There are probably a variety of ways to solve this little problem as this Stack Overflow thread will show but I thought that showing how I solved this would still be worth it. All I do essentially is build a string, and based on how many parameters there are to insert into the SQL statement I insert the ‘?’ with a comma after it and once I exit the loop I insert one more ‘?’. Note that the number of times I run in the loop in one less than the actual length of the parameter array. Once I’m done building the string I then iterate through the parameter array and add each parameter in. This code is tested and working.

StringBuilder selectstring = new StringBuilder();             selectstring.Append("SELECT ROWID, * FROM tbl1 WHERE ROWID IN (");             Int64[] arr = {1,2,3,3,4};             for (int i = 0; i < arr.Length-1; i++)             {                 selectstring.Append("?,");             }             selectstring.Append("?)");                          sa.SelectCommand = new SQLiteCommand(selectstring.ToString(), conn);             foreach (Int64 a in arr)             {                 sa.SelectCommand.Parameters.Add(new SQLiteParameter(DbType.Int64, a));             }                          System.Data.DataSet ds = new System.Data.DataSet();             sa.Fill(ds);             conn.Close();

Saturday, September 1, 2012

Doubles and Decimals in C#

While I say C#, from what I’ve researched on floating point types so far, this concept could apply to most languages.

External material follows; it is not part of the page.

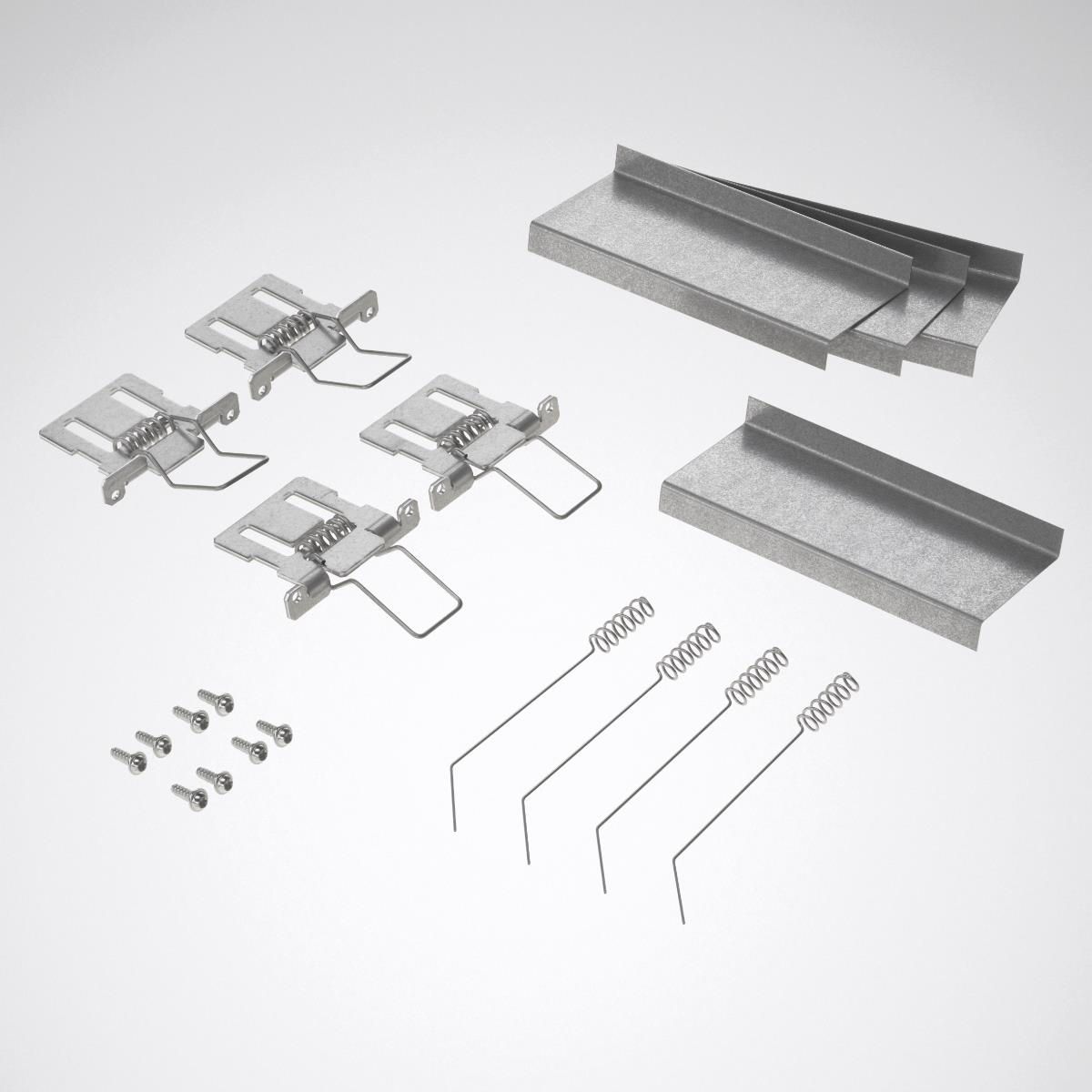 Schnellmontage-Schwenkbügel (4 Stück), verzinkt, zur Befestigung von Einbauleuchten (Creavo M17/M19/M37/M39 oder Opendo M36/M37/M38/M39) in Decken mit verdeckten Tragschienen und gesägte Decken. Maß zwischen Unterkante Deckenplatte und Oberkante Tragschiene max. 56 mm, Tragschienenhöhe min. 18 mm.

If you’ve ever programmed using double type values in your program I can safely say at this point that you are probably doing it wrong. You may never notice it but doing work with doubles is at some point going to give you an error that you may never notice until the day some critical function is supposed to happen based on a value and then you find the critical function isn’t getting triggered. Murphy’s law. Believe in it.

Where does this spawn from? While building a system for very very basic data analysis, I needed an even more basic addition of numbers to ensure that the total of values in a column was equal to 100 before allowing the user to progress to the next step. I was testing the program out and everything seemed fine, and just as I was about to roll the system out, I had a few more values to change in the database. Instead of doing it manually I thought I’d test the system again and do it through there. (Why is this important? Because it’s incredible where some things can go unnoticed through several hours of complete testing). While all this time I had been adding whole numbers, in this case I needed to actually add decimal numbers. Somehow, even though a basic on paper calculation gave me 100, the program was saying values do not add up to a 100. In debug mode, I discovered that at one point, 22.4+23.7 was giving me 46.9999999939. What. The. Debug??

Reading up through the documentation and several threads on the internet enlightened me that double values aren’t meant to be precise. They are meant for speed. They can be affected by the strangest things such as directX interfering with the bits. It’s scary, but it is what it is. The solution? Use decimal types. Almost always, you are going to use the slightly heavier but absolutely precise decimal types. DO NOT use floating point type variables.

But that begs the question. What are double types useful for? Sure, they are faster but where would you use them? Essentially in anything that needs speed while allowing for a very small percentage of error. Redrawing sprites based on their screen positions can use double to store the vector coordinates. Believe it or not, extremely large dataset mining, to get a general trend is a likely application. But essentially, for us who write applications for everyday use, we need precise values and therefore keep it in mind, decimal types.